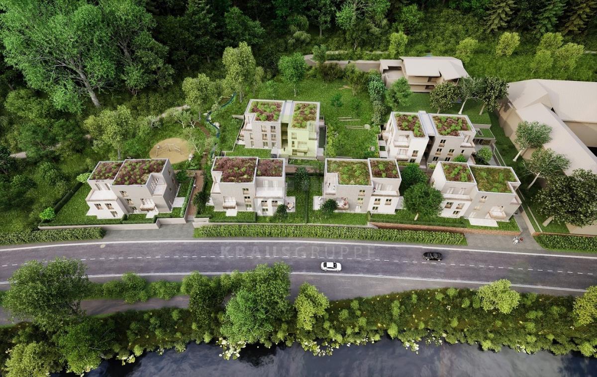 Auf dem rund 9.420 Quadratmeter großen Areal entstehen bis Herbst 2026 rund 3.300 Quadratmeter Wohnfläche – verteilt auf 26 Wohnungen sowie 4 Doppelhaushälften in insgesamt sechs in Holzbauweise ausgeführten Gebäuden in KfW55-Energieeffizienzstandard sowie eine gemeinschaftliche Sockelgarage.
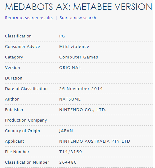 Medabots AX: Metabee Version rated in Australia
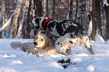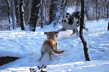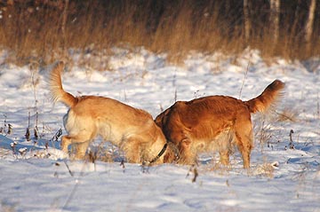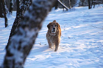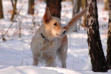 Cichutko przemykamy po szeleszczącym śniegu, obwąchując trawkę
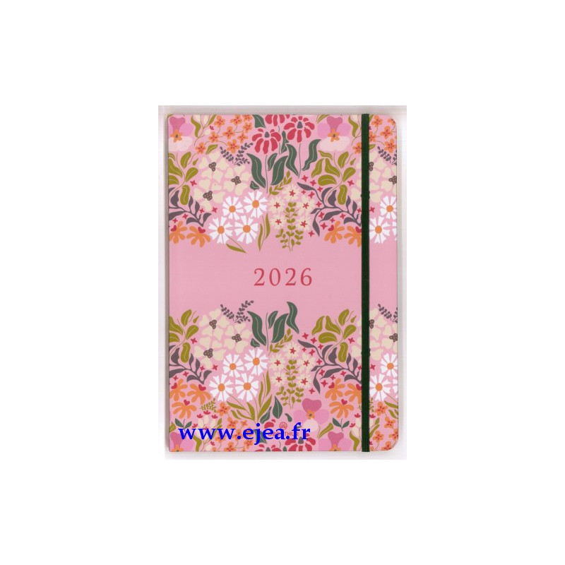 de Janvier à Décembre 2026 Calendriers, vacances scolaires, informations pratiques, atlas en couleurs. Planning vertical 1 semaine sur 2 pages avec cadres et espaces de notes, impressions en couleurs, pages blanches, coins perforés et signet marque-page, couverture cartonnée rigide, fermée par un élastique. Format 16,5x24cm.
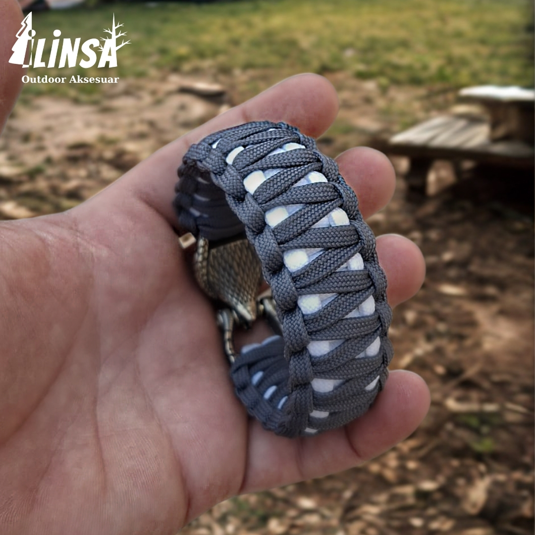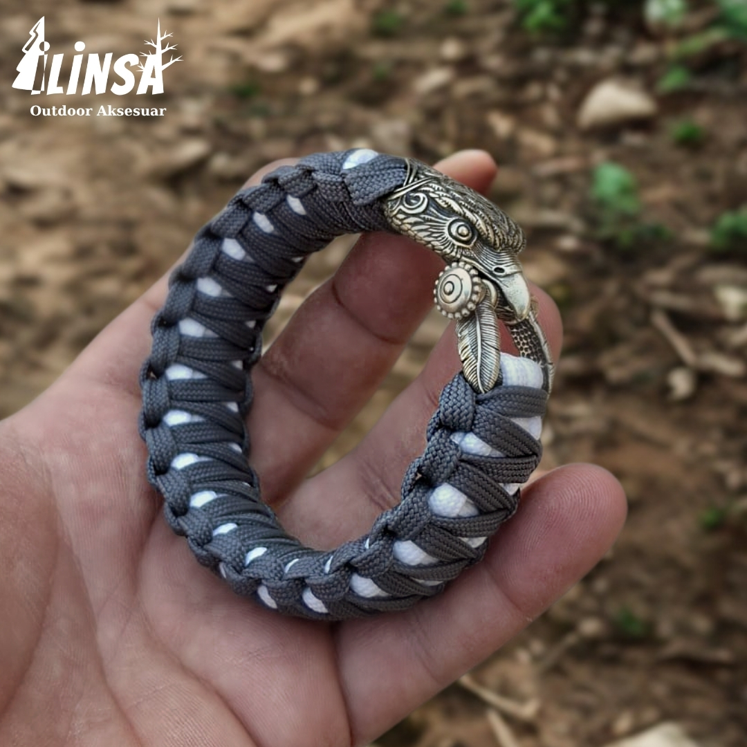 %100 el işçiliği ile üretilen bu bileklik, pirinçten yapılmış özel toka ve dayanıklı Paracord Type III ip ile sadece bir aksesuar değil; maceracı ruhunuzun bir parçası.
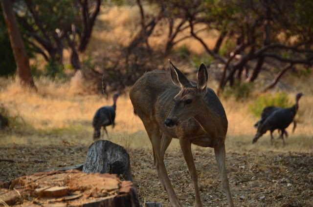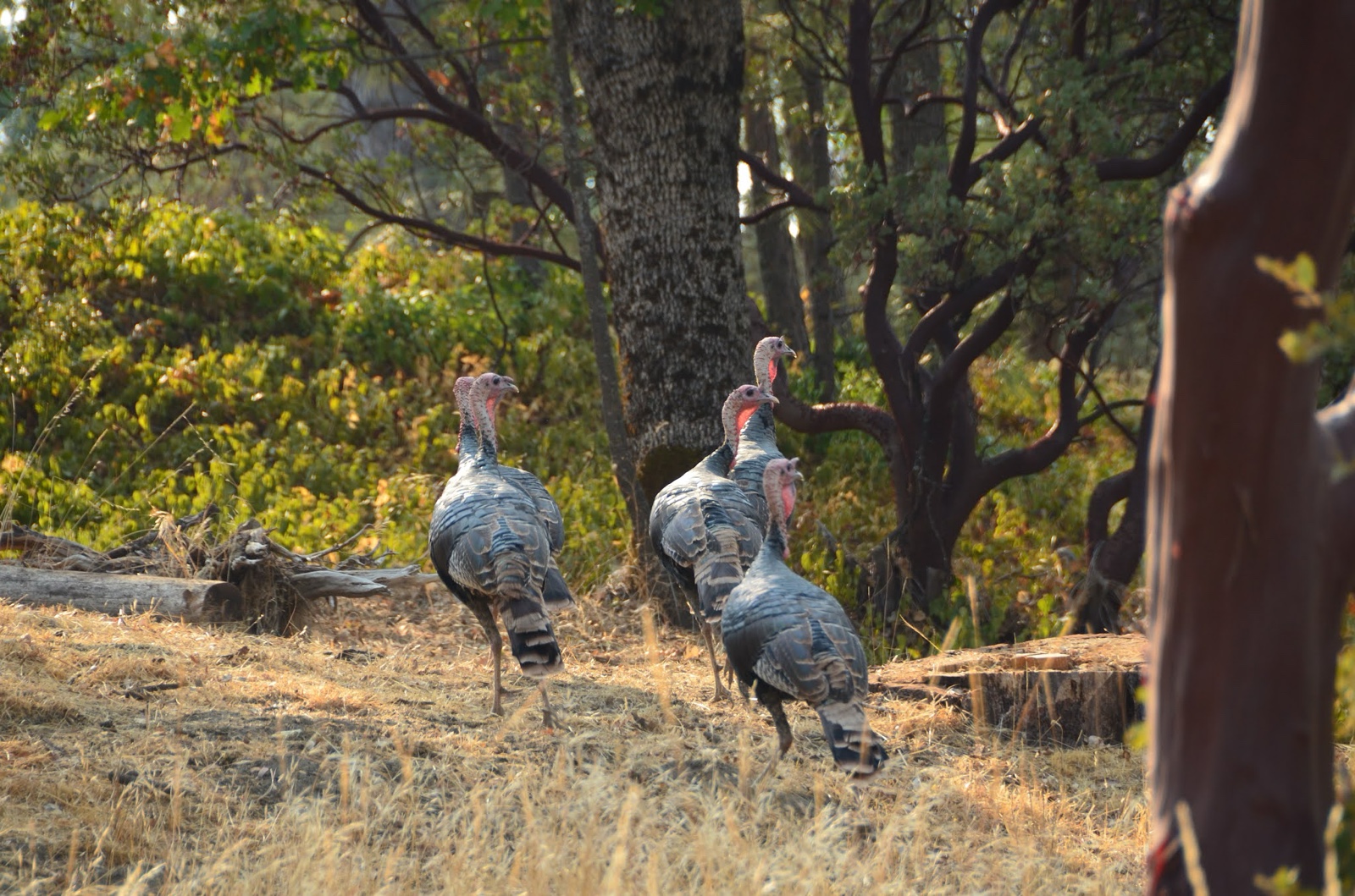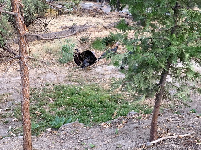 The next morning, I heard some rustling from where I was eating breakfast. When I went up, I saw that the flock of turkeys was back.

★ ★ ★

What is expected. Give the entries above again word for word, without any pictures.

Worked solution.
 Auf dem rund 9.420 Quadratmeter großen Areal entstehen bis Herbst 2026 rund 3.300 Quadratmeter Wohnfläche – verteilt auf 26 Wohnungen sowie 4 Doppelhaushälften in insgesamt sechs in Holzbauweise ausgeführten Gebäuden in KfW55-Energieeffizienzstandard sowie eine gemeinschaftliche Sockelgarage.
 Medabots AX: Metabee Version rated in Australia
 Cichutko przemykamy po szeleszczącym śniegu, obwąchując trawkę
 de Janvier à Décembre 2026 Calendriers, vacances scolaires, informations pratiques, atlas en couleurs. Planning vertical 1 semaine sur 2 pages avec cadres et espaces de notes, impressions en couleurs, pages blanches, coins perforés et signet marque-page, couverture cartonnée rigide, fermée par un élastique. Format 16,5x24cm.
 %100 el işçiliği ile üretilen bu bileklik, pirinçten yapılmış özel toka ve dayanıklı Paracord Type III ip ile sadece bir aksesuar değil; maceracı ruhunuzun bir parçası.
 The next morning, I heard some rustling from where I was eating breakfast. When I went up, I saw that the flock of turkeys was back.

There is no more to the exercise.